When I started out in market research many years ago, getting respondents to participate in a survey was a lot easier.   We used to accost people on the street and drag them into a hall to try chocolate biscuits or watch an ad, or we used to knock on their doors and ask them about their viewing habits or ring them up and ask them why they buy certain products.

Nowadays though it is getting more and more difficult and expensive to recruit people to participate in a survey, there are several reasons for this:

People are getting busier - often both parents are working so your target market may not be at the mall during the week with 20 minutes to spare to talk to you, and the weekends are often spent battling the crowds and getting home as quickly as possible.

Trying to convince someone in the evening to participate in a telephone survey when they are trying to get dinner ready, kids bathed and homework done is near on impossible.

Sales people and scammers – There are so many nuisance callers nowadays claiming to be market researchers but really they are trying to sell something or get information to rip people off.

Burnout – Some people agree to help with a short survey and then find that they are still on the phone 30 minutes later still answering questions.  Usually once this happens an individual is lost for any future surveys.


However, there are still people who like to help out with surveys.

To be supportive – I participate in forums with my fellow small business owners and whenever somebody puts a survey in there I participate as do many others because we like supporting our peers.

To try a new product – this is one of the easiest projects to recruit people for.  I remember running a trial for a new women’s sanitary product.  Once recruitment started word spread and the friends of women who were part of the trial were calling us, and asking if they can participate.  A similar thing happened when we were trialling new nappy brands.

Because they really like or dislike your company – Customers will often participate in a survey after they have received very good or very poor service from your company, just because they need to get something off their chest.

For payment – There are professional survey takers out there, and chances are if you ever buy a sample of your target market you can guarantee they have been recruited to participate in online surveys and are being paid to for their participation.

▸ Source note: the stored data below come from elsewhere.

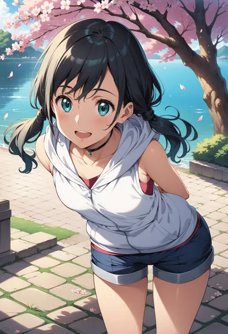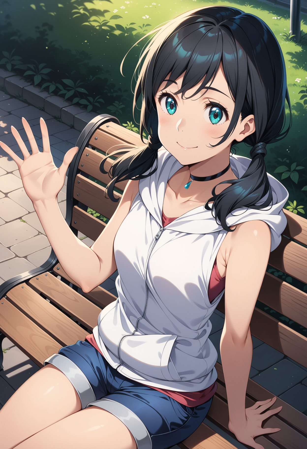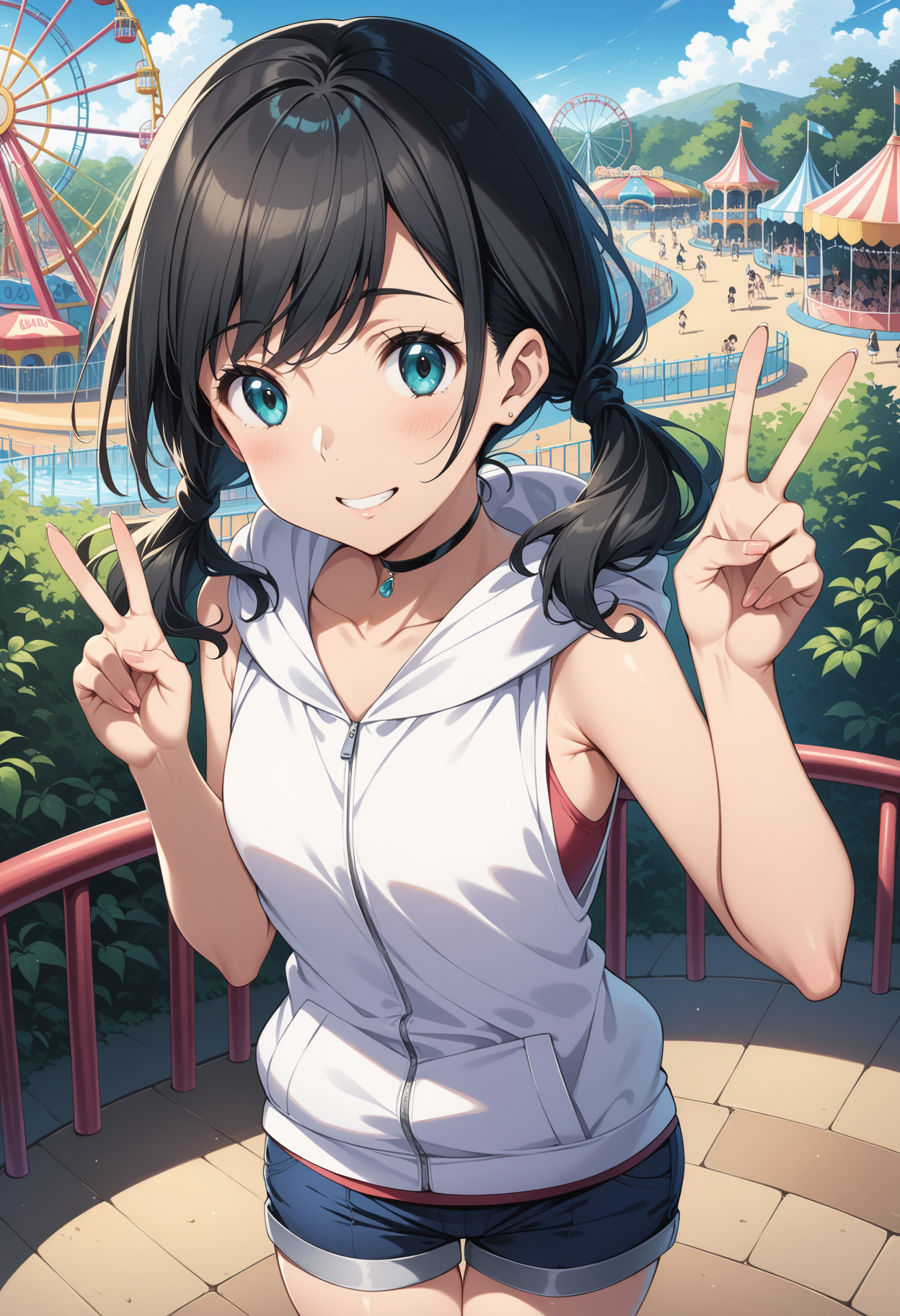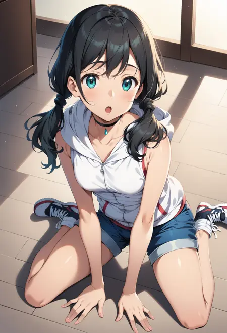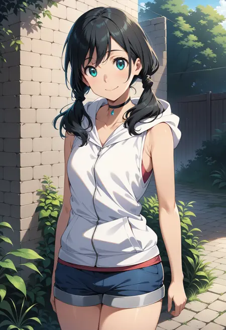 outfit1aahina, medium hair, black hair, low twintails, aqua eyes, small breasts, black choker, collarbone, bare shoulders, hood down, hooded jacket, white hoodie, sleeveless, short shorts, blue shorts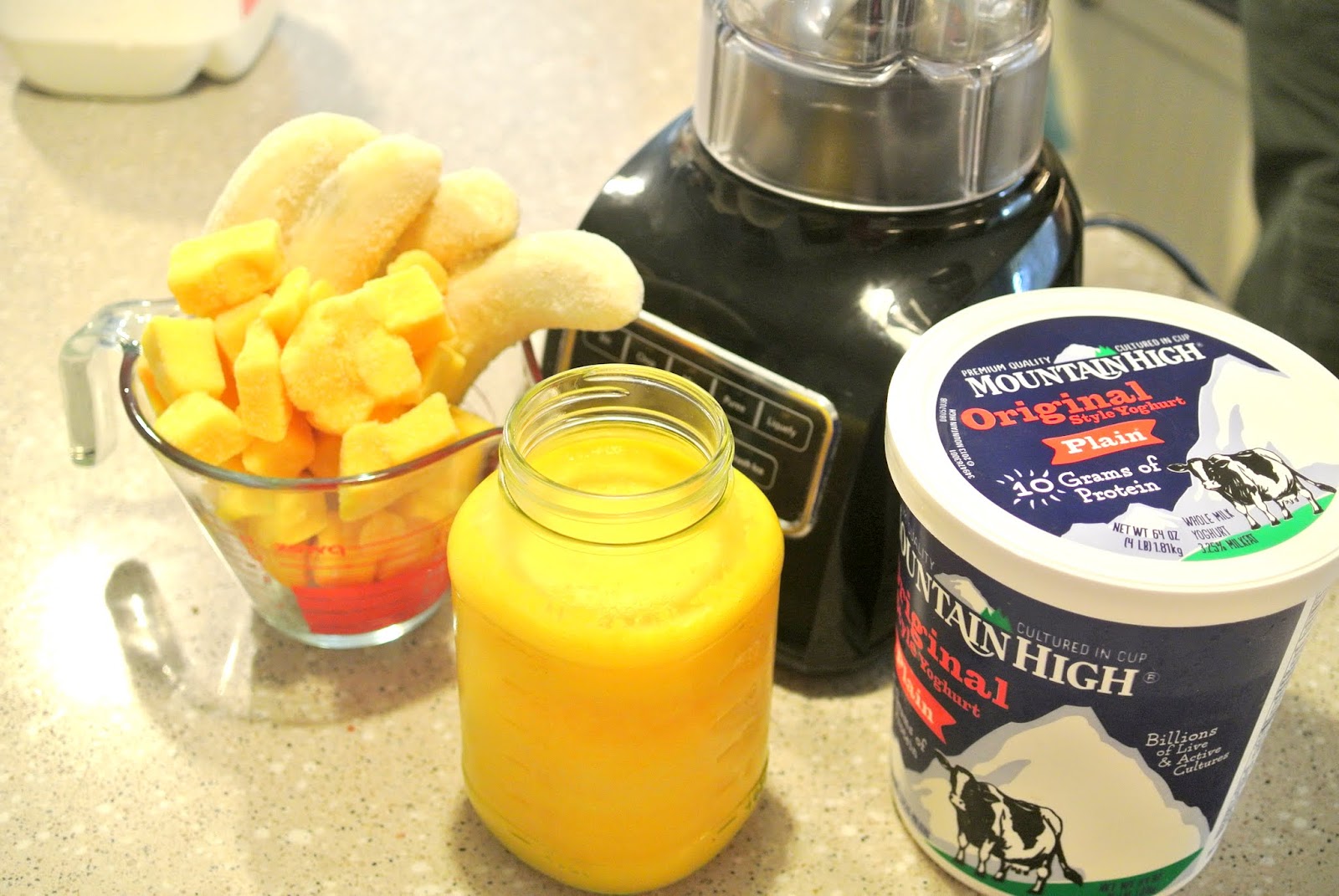 Another good one is frozen bananas (I don't even like bananas, but you can't really taste them) and mango, leftover fresh squeezed orange juice from our Sunday breakfast, and yoghurt.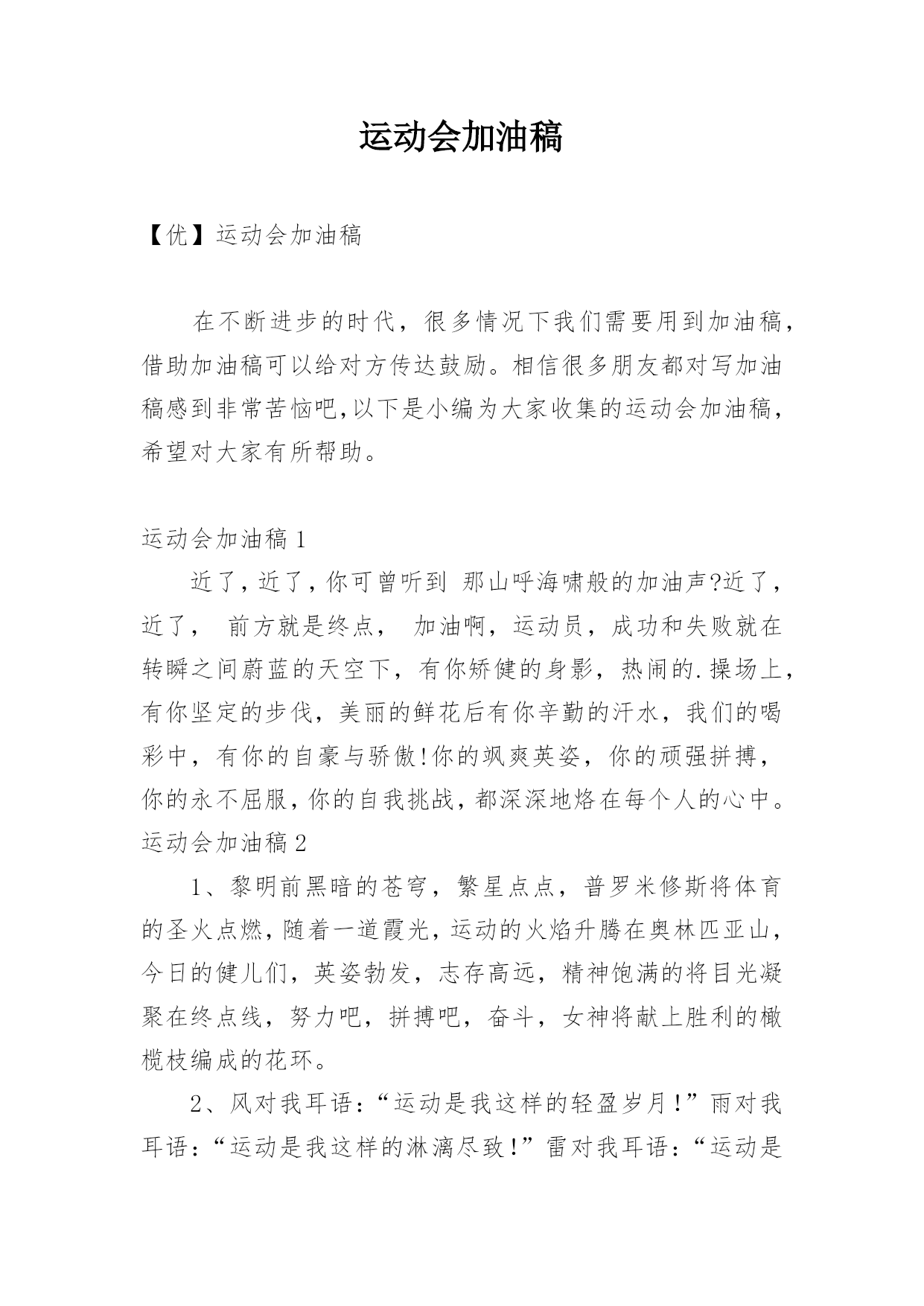 运动会加油稿【优】运动会加油稿在不断进步的时代,很多情况下我们需要用到加油稿,借助加油稿可以给对方传达鼓励。相信很多朋友都对写加油稿感到非常苦恼吧,以下是小编为大家收集的运动会加油稿,希望对大家有所帮助。运动会加油稿1近了,近了,你可曾听到那山呼海啸般的加油声?近了,近了,前方就是终点,加油啊,运动员,成功和失败就在转瞬之间蔚蓝的天空下,有你矫健的身影,热闹的.操场上,有你坚定的步伐,美丽的鲜花后有你辛勤的汗水,我们的喝彩中,有你的自豪与骄傲!你的飒爽英姿,你的顽强拼搏,你的永不屈服,你的自我挑战,都深深

If you want to interview non customers then consider offering a discount voucher  or something for their time.

When recruiting respondents for a survey it is important to be respectful of their time.   If you doing market research make sure you do just that, don’t let it become a sales call.     You do not need to pay them a lot but a discount off one of your own products can increase the response rate significantly.

If they are customers that have had a recent interaction with your business you may not need to incentivise them, but you still need to be respectful of their time. Don’t add in extra nice to know questions.   Surveys with no incentives should only take 5 minutes.  Those with a small incentive could be stretched to 10 minutes.